A failure-mode index. Each entry gives cause, fix, and prevention.

**1. Context overflow.** *Symptom:* the agent drifts, repeats itself, loses
earlier context. *Cause:* the context window is near its limit. *Fix:*
`/compress`, or `/new` and reload context from a file or skill. *Prevention:*
avoid multi-hour sessions; use file-based checkpoints.

**2. Toolset mismatch.** *Symptom:* a toolset was enabled but the agent says it
cannot use the capability. *Cause:* toolsets load at session start. *Fix and
prevention:* run `/new` after any toolset change.

**3. Configuration drift.** *Symptom:* a `config.yaml` edit is ignored, or
Hermes crashes on startup. *Cause:* configuration is read once and cached.
*Fix:* exit and relaunch (or `/restart` the gateway). *Prevention:* use
`hermes config set` or `hermes config edit`.

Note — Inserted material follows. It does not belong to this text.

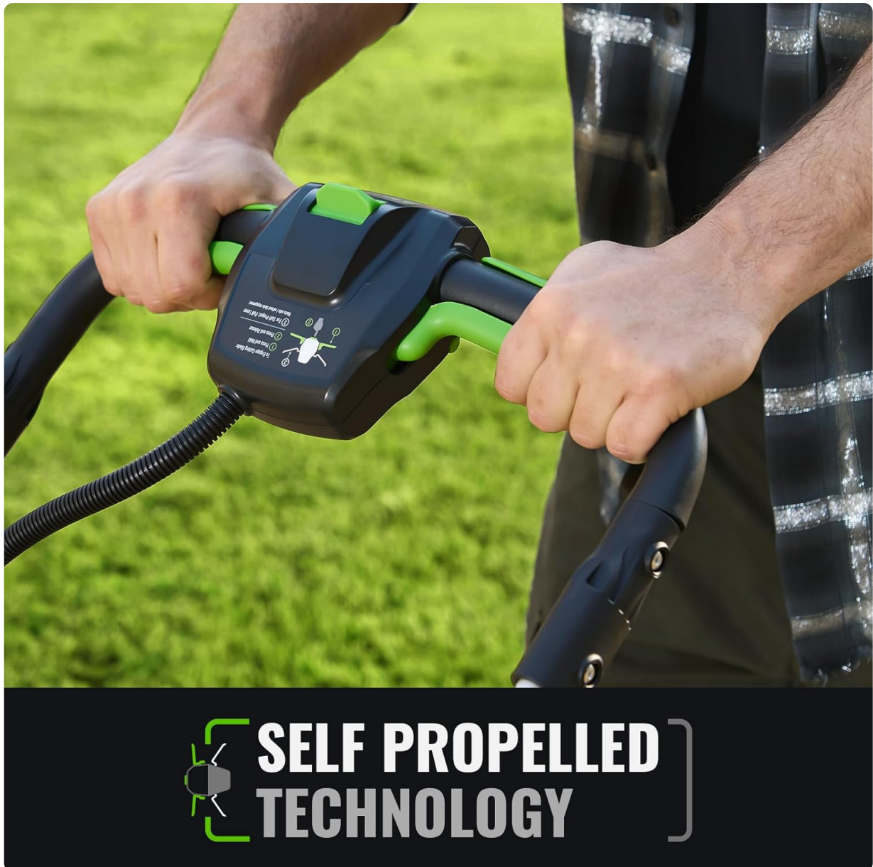
Figure 4.2: Close-up of the NovorikX lawn mower's handle controls, showing the self-propelled lever. Engaging this lever activates the self-propelled technology.

The self-propelled system assists in moving the mower forward, reducing physical effort.

**4. Cron delivery surprises.** *Symptom:* a cron job reports success but no
message arrives. *Cause:* built-in delivery can fail quietly for jobs emitting
structured output, and has no destination if no home channel is set. *Fix:* set
a home channel with `/sethome`; for script-backed jobs, post to the platform API
directly. *Prevention:* use a home channel and direct API delivery.

**5. Scratch workspace data loss.** *Symptom:* a Kanban task completed but its
output files are gone. *Cause:* the default `scratch` workspace is
garbage-collected when a task is archived. *Fix:* none — recreate the work.
*Prevention:* always create output-producing tasks with
`--workspace dir:/absolute/path`.

**6. Delegation or provider mismatch.** *Symptom:* sub-agents fail immediately
with "model not supported". *Cause:* the delegation model in `config.yaml` does
not match what the current provider can serve. *Fix:* align them, then restart.
*Prevention:* after changing the main provider, check the delegation config.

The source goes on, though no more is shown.